Dubček was forced to resign as First Secretary in April 1969, following the Czechoslovak Hockey Riots. The Soviets were not only alarmed by Dubček's failure to contain growing pressure to resume reforms but their own failures to consolidate a neo-Stalinist regime under Indra or their other allies. Dubček was replaced by Gustav Husák, beginning a process of 'normalization' that would purge most of the party and de-politicize the country. At the time, Leonid Brezhnev is supposed to have said: 'If we cannot find the puppets, then we will tie the strings to the leaders.' 

Having been re-elected to the Federal Assembly (as the federal parliament was renamed in 1969), Dubček became chairman on April 28; However, he was removed from office on October 15 under Prime Minister Cernik's new government the month prior. Though Cernik tried to placate reformists, the new government's extreme anti-reform faction, led by Deputy Party Chief Lubomir Strougal, wanted to put Dubček on trial. Husák, a post-ideological 'realist', as well as Moscow, wanted to avoid a destabilizing return to Stalinism.

Instead, Dubček was sent into diplomatic exile to Turkey. There, he went from head of a nation of millions to heading a 7-person staff that was conveniently out of the country while more aggressive purges began in earnest. Some suggested at the time that the right-wing Turkish government, which would ban the communists in 1971, would be more reliable in keeping an eye on him than anywhere in the Soviet-bloc, where he was widely regarded as a hero and they often did not trust their own people. Husák was also said to have feared that direct persecution of Dubček might stir more instability than it would promote. Others suggested that Husák's reluctance to trials and executions was because of his own experiences as a prisoner, though he himself denied having any problem with imprisoning or killing state enemies on general principle or personal feeling. Alan Levy traced Husák's reluctance to the same reason that Hungary was able to relax its repressive grip within less than 5 years after the Soviet invasion, but Czechoslovakia and its former leaders remained in a state of limbo rather than hell that would eventually last for decades because unlike Hungary, Czechoslovakia had no real revolt to liquidate.
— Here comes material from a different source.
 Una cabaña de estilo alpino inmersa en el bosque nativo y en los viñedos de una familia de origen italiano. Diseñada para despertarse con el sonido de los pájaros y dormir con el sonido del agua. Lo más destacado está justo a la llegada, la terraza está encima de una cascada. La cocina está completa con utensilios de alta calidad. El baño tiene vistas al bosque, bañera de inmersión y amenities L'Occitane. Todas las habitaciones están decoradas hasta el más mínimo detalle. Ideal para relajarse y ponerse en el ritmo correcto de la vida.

Instead, he and the Soviets had to invent a counter-revolution and counter-revolutionary leadership.  

However, in June of that same year, Dubček was summarily dismissed from his ambassadorial post and recalled from Turkey after being suspended from the party pending an investigation by hard-liners. This was read as a signal that Husák had lost a behind-the-scenes power-struggle against the extremist faction led by Strougal, Indra, and Balik. They had taken control of the Presidium by a margin of 7 to 4, voting to prepare a series of trials against reformers on charges of espionage, sedition, and slander of the republic. Ironically, Dubček's and his reformer allies' fates may have been spared by the chance accident that saved Husák from removal himself. After the death of Jaroslav Trojan, a member of the presidium of the Federal Assembly, in drunk-driving accident, a routine search of his residence turned up evidence of a conspiracy by ultra-antiliberals to remove Husák. This resulted in the removal of hard-liners who were pushing for new rounds of show trials. As a result, Dubček found himself a permanent free-range prisoner, along with many others purged from the party and blacklisted from work. 
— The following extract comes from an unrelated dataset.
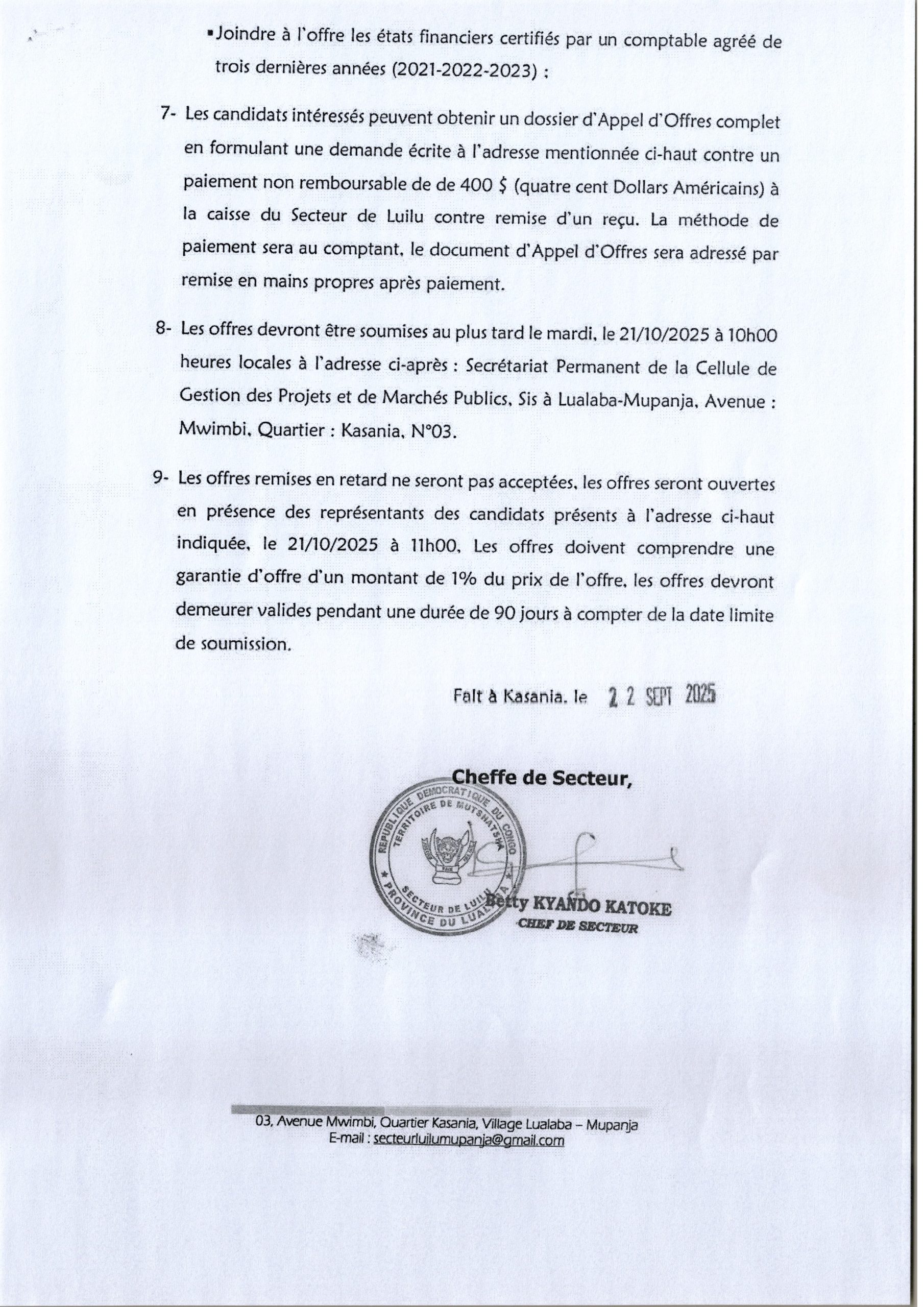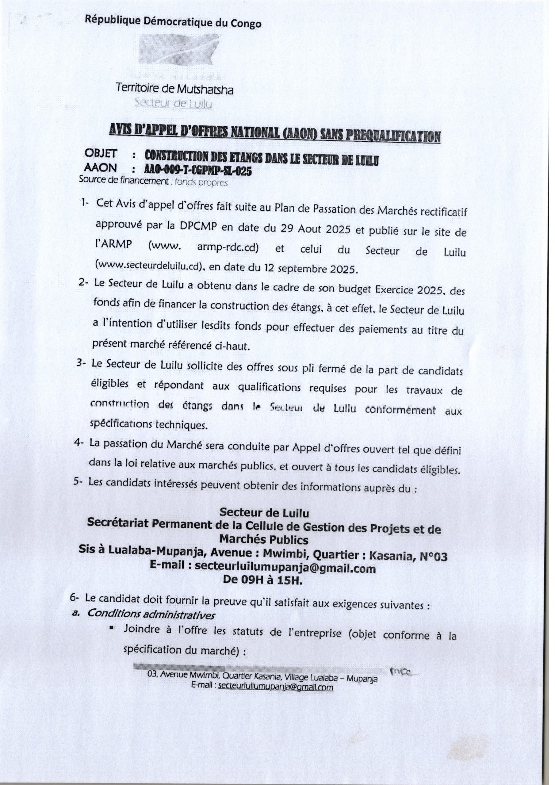 PROVINCE DU LUALABA (Secteur de Luilu)

The purge of the party resulted in a general decline in membership from 1.6 million at the time that Dubček rose to power to 880,000 by the end of 1970. Even among these members, many either refused their cards or had not paid their dues. The reduction in numbers was accompanied by a qualitative change in the party, where the party that Dubček headed as leader of the post-Stalinist generation of idealists was gone. The majority of members were over 60 years old, and ideology had virtually disappeared, even among conservatives. Dubček and his communist reformers had proven so popular that the only way to root them out of the political fabric of the nation was to eradicated communist ideology. Even Czechoslovakian universities ceased to teach Marxism for lack of 'reliable' instructors. Any kind of political belief, in rapid succession, would be grounds for suspicion, leaving a disaffected population.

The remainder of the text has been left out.